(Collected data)

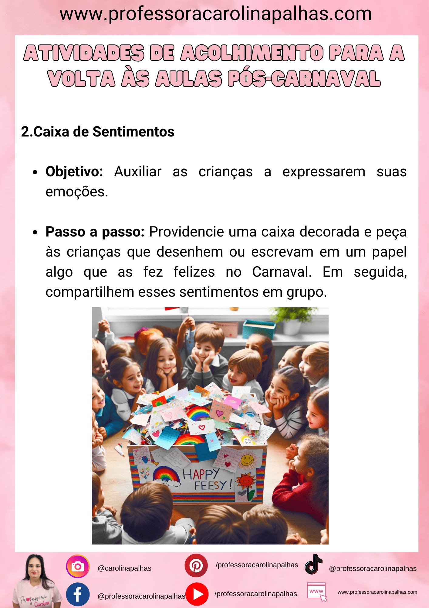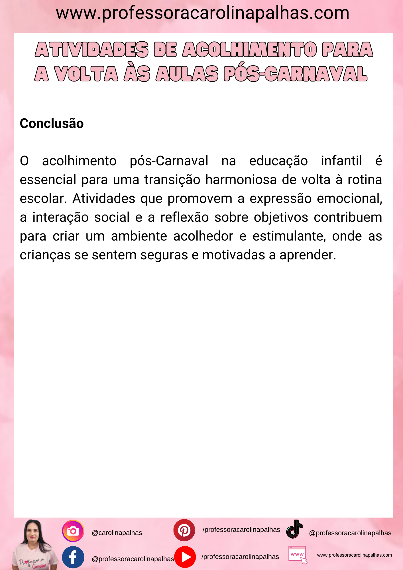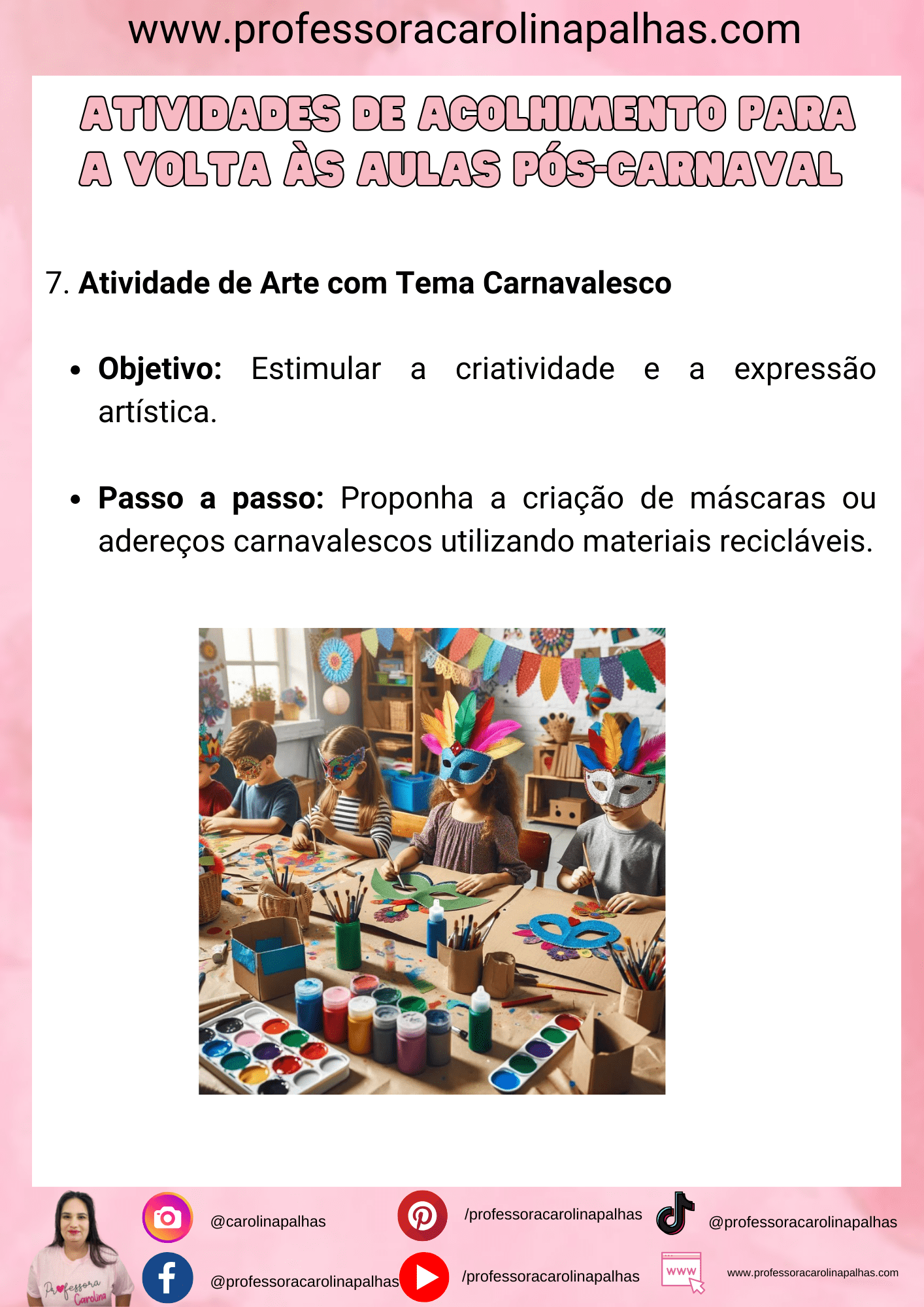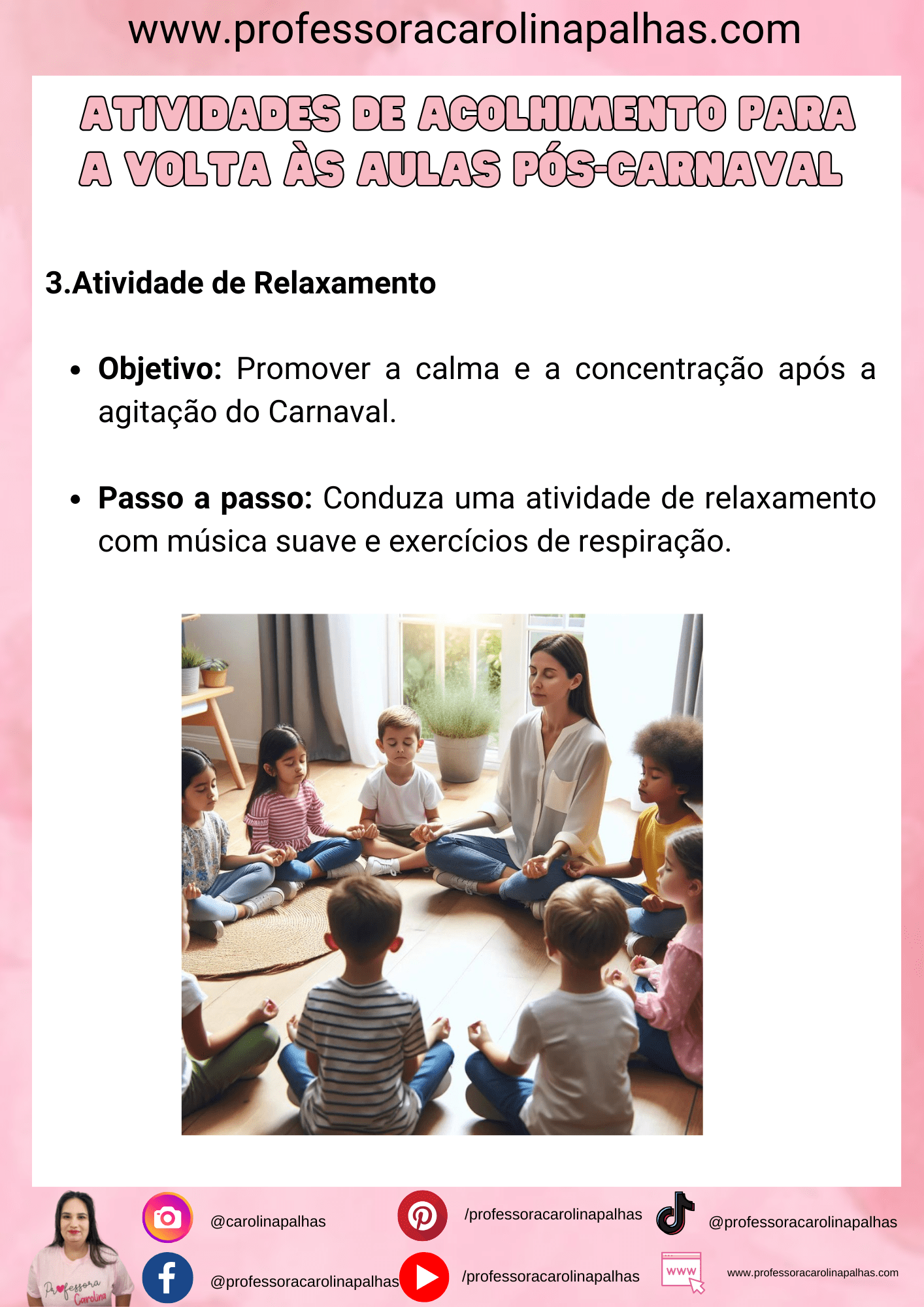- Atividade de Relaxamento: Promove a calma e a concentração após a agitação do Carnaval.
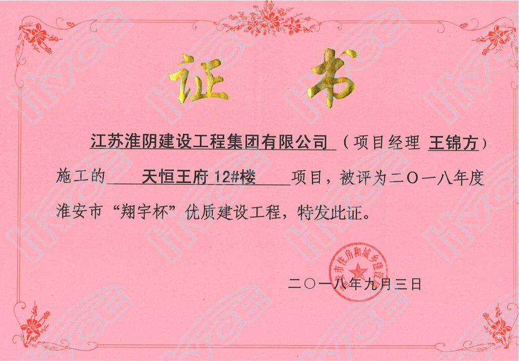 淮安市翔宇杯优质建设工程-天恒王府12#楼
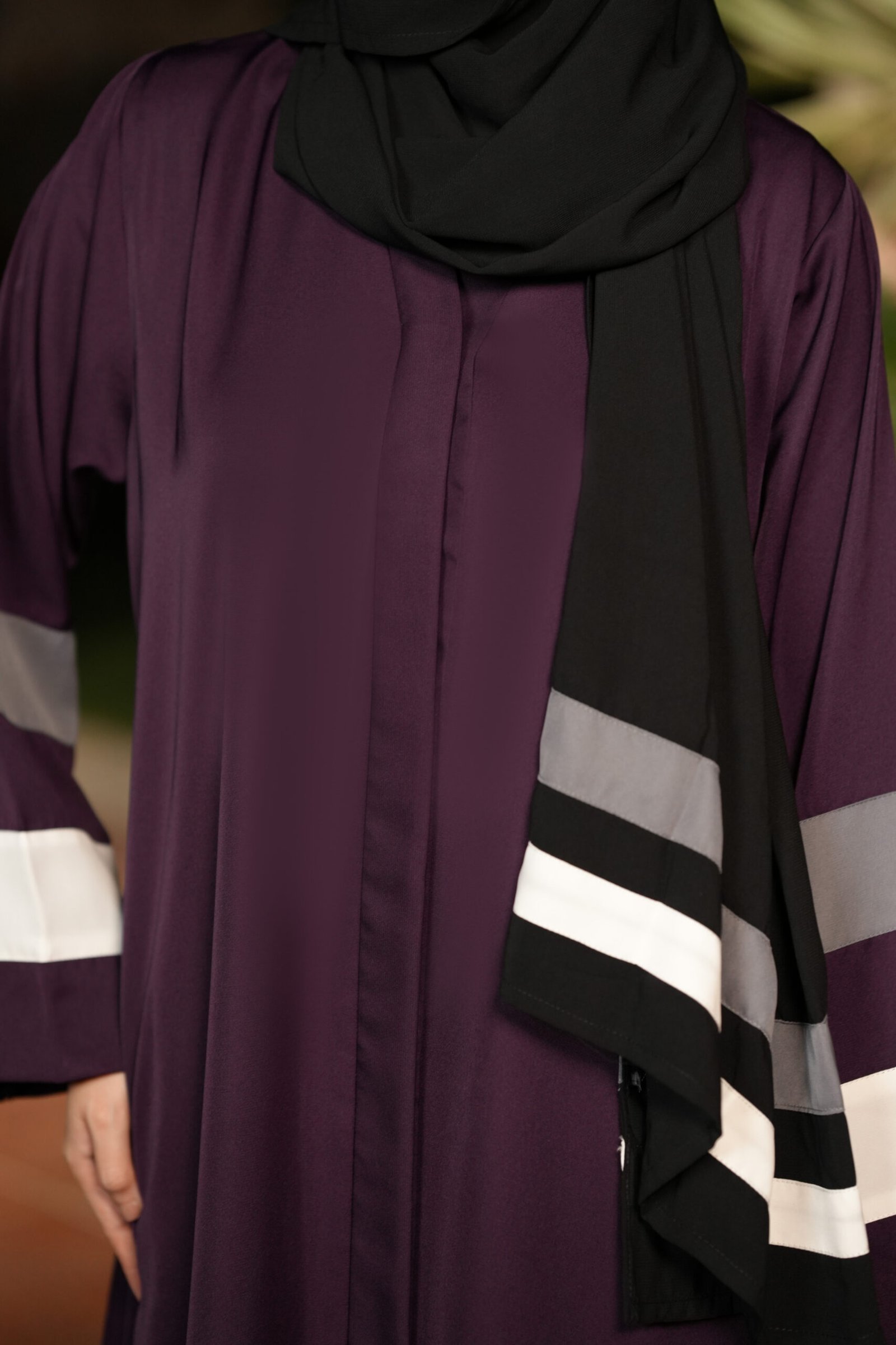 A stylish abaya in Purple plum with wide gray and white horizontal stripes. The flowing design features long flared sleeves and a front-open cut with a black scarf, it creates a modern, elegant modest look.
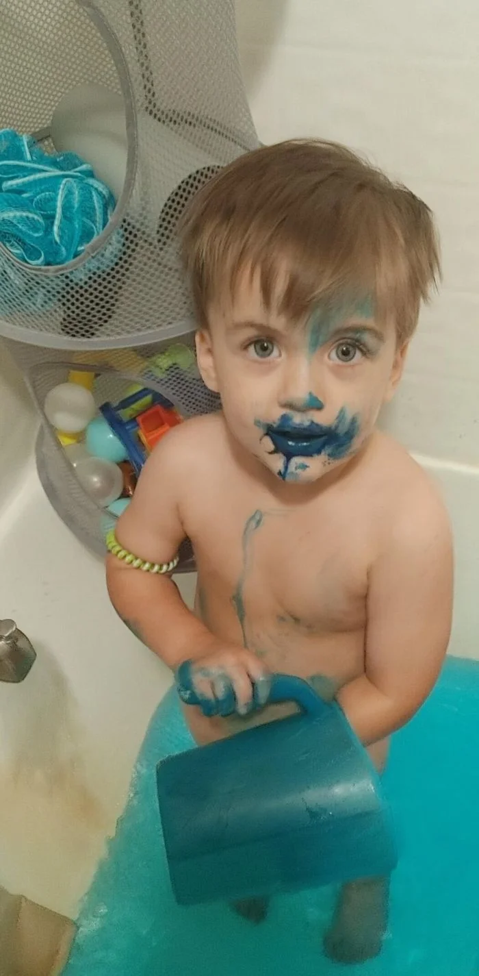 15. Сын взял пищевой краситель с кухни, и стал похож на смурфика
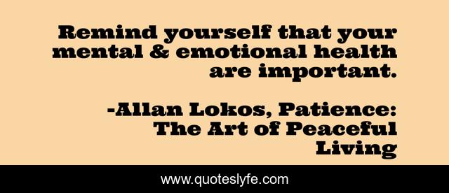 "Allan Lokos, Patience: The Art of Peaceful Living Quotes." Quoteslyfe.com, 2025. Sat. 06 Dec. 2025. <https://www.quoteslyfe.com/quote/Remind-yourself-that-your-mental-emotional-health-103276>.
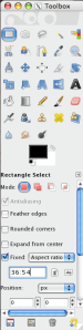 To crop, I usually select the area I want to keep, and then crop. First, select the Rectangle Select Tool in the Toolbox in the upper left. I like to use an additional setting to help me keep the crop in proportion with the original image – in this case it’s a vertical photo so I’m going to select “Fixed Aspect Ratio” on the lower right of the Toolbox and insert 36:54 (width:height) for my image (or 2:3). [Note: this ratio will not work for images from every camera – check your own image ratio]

Exercise: Each record above is to be written out exactly; the pictures are not.

Response:
- Atividade de Relaxamento: Promove a calma e a concentração após a agitação do Carnaval.
 淮安市翔宇杯优质建设工程-天恒王府12#楼
 A stylish abaya in Purple plum with wide gray and white horizontal stripes. The flowing design features long flared sleeves and a front-open cut with a black scarf, it creates a modern, elegant modest look.
 15. Сын взял пищевой краситель с кухни, и стал похож на смурфика
 "Allan Lokos, Patience: The Art of Peaceful Living Quotes." Quoteslyfe.com, 2025. Sat. 06 Dec. 2025. <https://www.quoteslyfe.com/quote/Remind-yourself-that-your-mental-emotional-health-103276>.
 To crop, I usually select the area I want to keep, and then crop. First, select the Rectangle Select Tool in the Toolbox in the upper left. I like to use an additional setting to help me keep the crop in proportion with the original image – in this case it’s a vertical photo so I’m going to select “Fixed Aspect Ratio” on the lower right of the Toolbox and insert 36:54 (width:height) for my image (or 2:3). [Note: this ratio will not work for images from every camera – check your own image ratio]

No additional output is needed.